It is noted that FIG. 1 does not show electrical connections to the active transducers 108. Signal amplifiers and/or processors may be included in the in-wall speaker system 100, or outlets may be included to receive externally sourced electrical signals. Those of ordinary skill in the art will appreciate that the active transducers 108 operate by receiving electrical signals over electrical connections, but that the electrical connections may be implemented in any manner without affecting the scope of the invention.
FIG. 2 is a cross-sectional view of an example of the in-wall speaker system of FIG. 1. The in-wall speaker system 200 in FIG. 2 includes an upper pair of passive transducers 206 and a lower pair of passive radiators 204. A pair of active transducers 208 is mounted between the upper and lower pairs of passive radiators 204, 206. The active and passive transducers 204, 206, 208 are contained in an in-wall speaker enclosure 202, which has an upper member 203, a lower member 205, a left side member 207 and a right side member 209. The upper pair of passive radiators 206 may be mounted by a bracket 210 fastened to the upper member 203 of the in-wall speaker enclosure 202. The upper pair of passive radiators 206 may be fastened to the active transducer pair 208 with a second mounting bracket 212. A third mounting bracket 213 attaches the active transducer pair 208 to the lower passive radiator pair 204. And the bottom pair of passive radiators 204 may be fastened to the lower member 207 of the in-wall speaker enclosure 202 by a fourth mounting bracket 214. Those of ordinary skill in the art will appreciate that any suitable form of mounting the transducers within the in-wall speaker enclosure 202 may be used in examples of the in-wall speaker system.
In the example shown in FIG. 2, the in-wall speaker enclosure 202 may be further covered on sides parallel to the wall surface in which it would sit with openings on one side to radiate sound pressure as described below. The other side, which is opposite the side radiating sound pressure, may be covered to provide a backstop for the sound pressure. The transducer pairs may also have first and second air spaces 220, 222. The first and second air spaces 220, 222 advantageously, contain airflow within the system 200 to allow for more efficient excitation of the passive radiators 204, 206 by the active transducers 208.

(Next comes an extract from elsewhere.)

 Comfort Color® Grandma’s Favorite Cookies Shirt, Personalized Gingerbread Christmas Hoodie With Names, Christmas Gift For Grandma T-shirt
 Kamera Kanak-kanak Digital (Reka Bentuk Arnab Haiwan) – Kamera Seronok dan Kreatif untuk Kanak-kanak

FIG. 3 is a transparent, perspective view of another example of an in-wall speaker system 300. The in-wall speaker system 300 in FIG. 3 includes two enclosures, a right enclosure 310 and a left enclosure 312. The right enclosure 310 includes a right side panel 316, a right front panel 318, and a right inside panel 320. The left enclosure 312 includes a left side panel 324, a left front panel 326, and a left inside panel 328. Both the right enclosure 310 and the left enclosure 312 are closed off at the top and bottom by a top panel 330, which extends across the tops of both enclosures 310, 312, and by a bottom panel 322, which extends across the bottoms of both enclosures, respectively. The right and left enclosures 310, 312 are closed off in the back by a back panel 332, which extends across the back of both enclosures 310, 312.

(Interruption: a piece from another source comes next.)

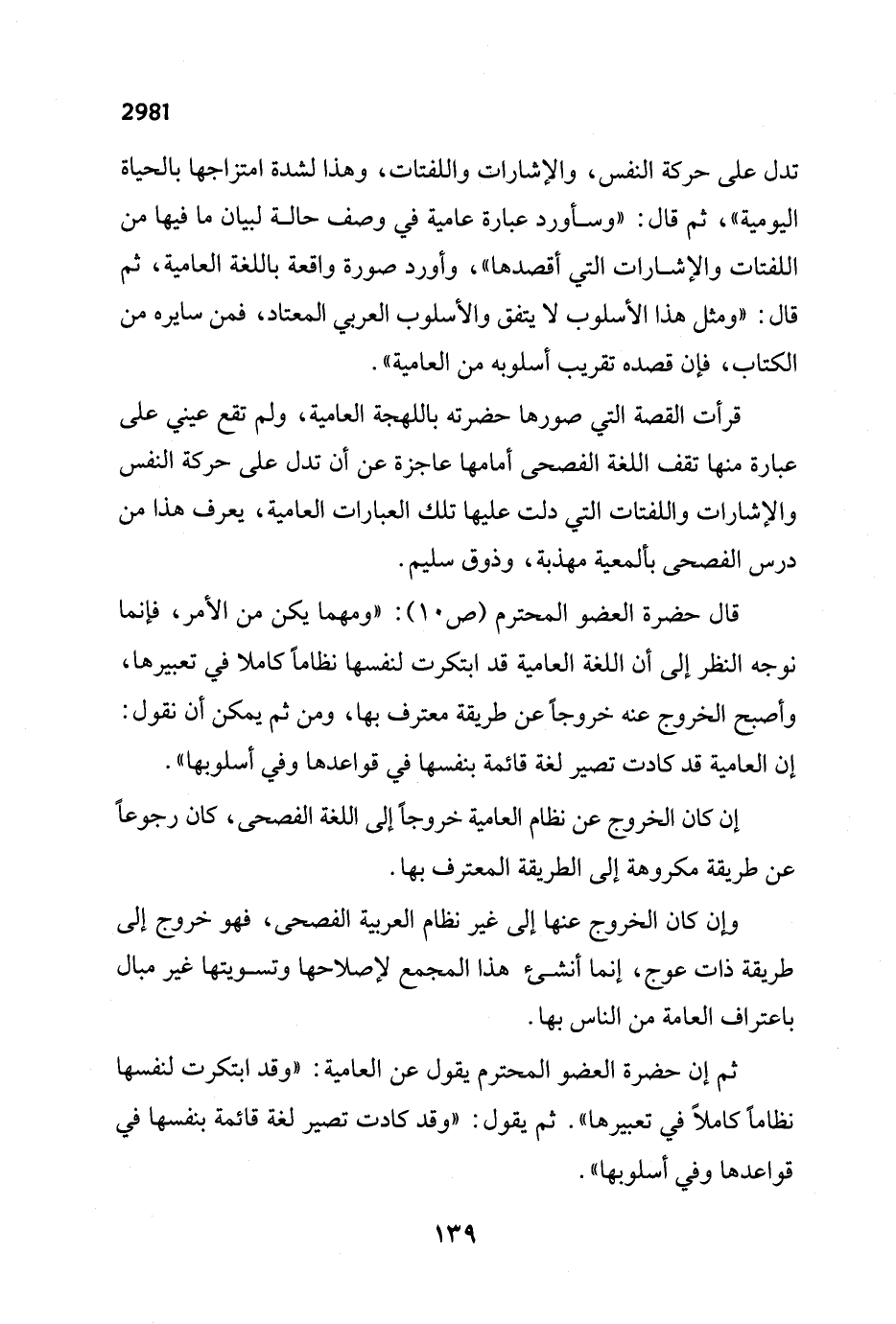 قال حضرة العضو المحترم (ص 10): "ومهما يكن من الأمر، فإنما نوجه النظر إلى أن اللغة العامية قد ابتكرت لنفسها نظاماً كاملا في تعبيرها، وأصبح الخروج عنه خروجاً عن طريقة معترف بها، ومن ثم يمكن أن نقول: إن العامية قد كادت تصير لغة قائمة بنفسها في قواعدها وفي أسلوبها".
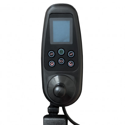 - На пульті управління передбачені: кнопка ВКЛ. / ВИКЛ .; екран, на якому зображені індикатори заряду батареї і швидкості пересування; кнопка звукового сигналу; кнопки збільшення і зменшення швидкості; кнопки скласти / розкласти коляску.

The in-wall speaker system 300 in FIG. 3 also includes a pair of upper passive radiators 306, two pairs of active transducers 308 and a pair of lower passive radiators 304. The pairs of active transducers 308 and passive radiators 304, 306 are mounted on the left and right inside panels 320, 328 of the right and left enclosures 310, 312. The left and right inside panels 320, 328 are parallel to each and hold the pairs of transducers 304, 306, 308 so that each pair faces each other opposite a space within a slot 314 between the first enclosure 310 and the second enclosure 312. The rear portion of the wall section 302 opposite the slot opening 314 is sealed in the wall section 302 shown in FIG. 3.

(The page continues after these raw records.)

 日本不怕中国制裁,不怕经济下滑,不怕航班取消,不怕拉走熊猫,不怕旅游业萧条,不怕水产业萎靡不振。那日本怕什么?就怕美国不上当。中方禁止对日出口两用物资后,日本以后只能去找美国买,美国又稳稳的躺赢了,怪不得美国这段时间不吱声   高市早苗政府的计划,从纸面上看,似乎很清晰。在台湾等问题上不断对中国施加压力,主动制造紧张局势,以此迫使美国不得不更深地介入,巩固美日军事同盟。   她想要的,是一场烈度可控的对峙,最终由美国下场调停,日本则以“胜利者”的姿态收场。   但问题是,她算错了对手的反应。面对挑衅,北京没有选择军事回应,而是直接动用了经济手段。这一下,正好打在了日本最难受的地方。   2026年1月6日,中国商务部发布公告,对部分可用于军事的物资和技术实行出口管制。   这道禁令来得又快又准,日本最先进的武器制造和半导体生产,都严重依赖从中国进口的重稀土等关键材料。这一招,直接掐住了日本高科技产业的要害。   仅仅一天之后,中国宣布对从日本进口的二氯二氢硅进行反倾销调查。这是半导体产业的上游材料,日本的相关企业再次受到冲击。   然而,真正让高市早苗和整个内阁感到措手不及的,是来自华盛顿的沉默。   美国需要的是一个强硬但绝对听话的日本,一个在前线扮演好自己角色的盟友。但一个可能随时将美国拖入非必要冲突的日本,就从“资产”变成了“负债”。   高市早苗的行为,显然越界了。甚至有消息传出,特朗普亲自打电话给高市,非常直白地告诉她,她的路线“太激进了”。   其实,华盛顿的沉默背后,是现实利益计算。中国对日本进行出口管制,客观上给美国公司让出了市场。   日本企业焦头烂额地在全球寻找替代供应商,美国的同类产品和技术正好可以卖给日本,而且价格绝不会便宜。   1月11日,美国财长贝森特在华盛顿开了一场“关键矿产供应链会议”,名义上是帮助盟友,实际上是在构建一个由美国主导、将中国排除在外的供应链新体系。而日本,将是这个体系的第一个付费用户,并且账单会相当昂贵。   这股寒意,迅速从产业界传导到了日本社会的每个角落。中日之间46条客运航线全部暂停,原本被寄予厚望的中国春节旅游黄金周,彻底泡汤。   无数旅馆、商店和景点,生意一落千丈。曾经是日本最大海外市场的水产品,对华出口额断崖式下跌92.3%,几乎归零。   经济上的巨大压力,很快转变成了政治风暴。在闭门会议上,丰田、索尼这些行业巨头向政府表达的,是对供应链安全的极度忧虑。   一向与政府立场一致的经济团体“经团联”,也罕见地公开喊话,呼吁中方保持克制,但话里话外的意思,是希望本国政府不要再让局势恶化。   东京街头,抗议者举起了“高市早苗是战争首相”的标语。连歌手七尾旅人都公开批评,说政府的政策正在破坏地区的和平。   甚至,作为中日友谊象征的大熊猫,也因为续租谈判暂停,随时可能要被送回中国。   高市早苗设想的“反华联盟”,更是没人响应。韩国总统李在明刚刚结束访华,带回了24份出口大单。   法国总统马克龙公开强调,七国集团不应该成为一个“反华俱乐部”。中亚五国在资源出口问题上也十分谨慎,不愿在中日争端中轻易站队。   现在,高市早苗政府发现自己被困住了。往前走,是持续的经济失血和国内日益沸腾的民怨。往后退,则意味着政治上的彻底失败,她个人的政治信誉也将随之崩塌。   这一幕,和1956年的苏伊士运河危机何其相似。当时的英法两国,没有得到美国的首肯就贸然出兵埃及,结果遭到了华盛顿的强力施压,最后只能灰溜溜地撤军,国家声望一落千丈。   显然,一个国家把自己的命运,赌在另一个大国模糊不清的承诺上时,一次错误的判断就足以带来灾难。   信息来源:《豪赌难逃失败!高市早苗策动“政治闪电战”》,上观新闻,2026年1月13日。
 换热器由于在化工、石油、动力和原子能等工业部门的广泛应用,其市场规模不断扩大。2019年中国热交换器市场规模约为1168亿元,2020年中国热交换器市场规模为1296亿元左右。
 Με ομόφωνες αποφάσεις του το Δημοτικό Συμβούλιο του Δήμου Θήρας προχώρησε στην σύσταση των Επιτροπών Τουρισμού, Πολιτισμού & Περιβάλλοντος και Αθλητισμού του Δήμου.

The right and left enclosures 310, 312 in FIG. 3 are configured to allow the active transducers 308 to generate sound pressure within the right and left enclosures 310, 312 that excite the passive radiators 304, 306. The active transducers 308 and passive radiators 304, 306 also generate sound pressure that is radiated out of the slot 314 in the wall section 302 as depicted by the arrows at 340.
One of ordinary skill in the art will appreciate that the number of transducers and passive radiators used may vary. The example of FIG. 3 shows four pairs of transducers and passive radiators. At least one pair of transducers in the example of FIG. 3 may be a pair of active transducers, but as many as all of the pairs of transducers may be active transducers. The transducers in any example described herein may be typical loudspeaker transducers, tactile transducers or any other sound generating device.
In addition, the right and left enclosures 310, 312 may be configured dimensionally to fit inside a wall section according to standard construction dimensions. The right and left enclosures 310, 312 may also be configured as separate units and according to a more customized installation.
The right and left enclosures 310, 312 may be made of wood, metal, plastic, fiberglass, or any other suitable rigid material. The material selected would depend on the desired specifications for the enclosures 310, 312. Wood may be better at suppressing vibrations than metal, but metal may make more efficient use of space.
FIG. 4 is a transparent, perspective view of another example of an in-wall speaker system 400. The in-wall speaker system 400 in FIG. 4 includes two enclosures, a top enclosure 420 and a bottom enclosure 422. The top and bottom enclosures 420, 422 are positioned to form a horizontal slot 414 between the top and bottom enclosures 420, 422. The top enclosure 420 is formed by a top front panel 434, a topmost panel 438, and a top inside panel 444. The bottom enclosure 422 is formed by a bottom front panel 432, a bottom-most panel 440, and a bottom inside panel 446. The top and bottom enclosures 420, 422 share a right side panel 442, a left side panel 436, and a back panel 430. The top and bottom enclosures 420, 422 are configured so that the top inside panel 444 and the bottom inside panel 446 have the slot 414 between them.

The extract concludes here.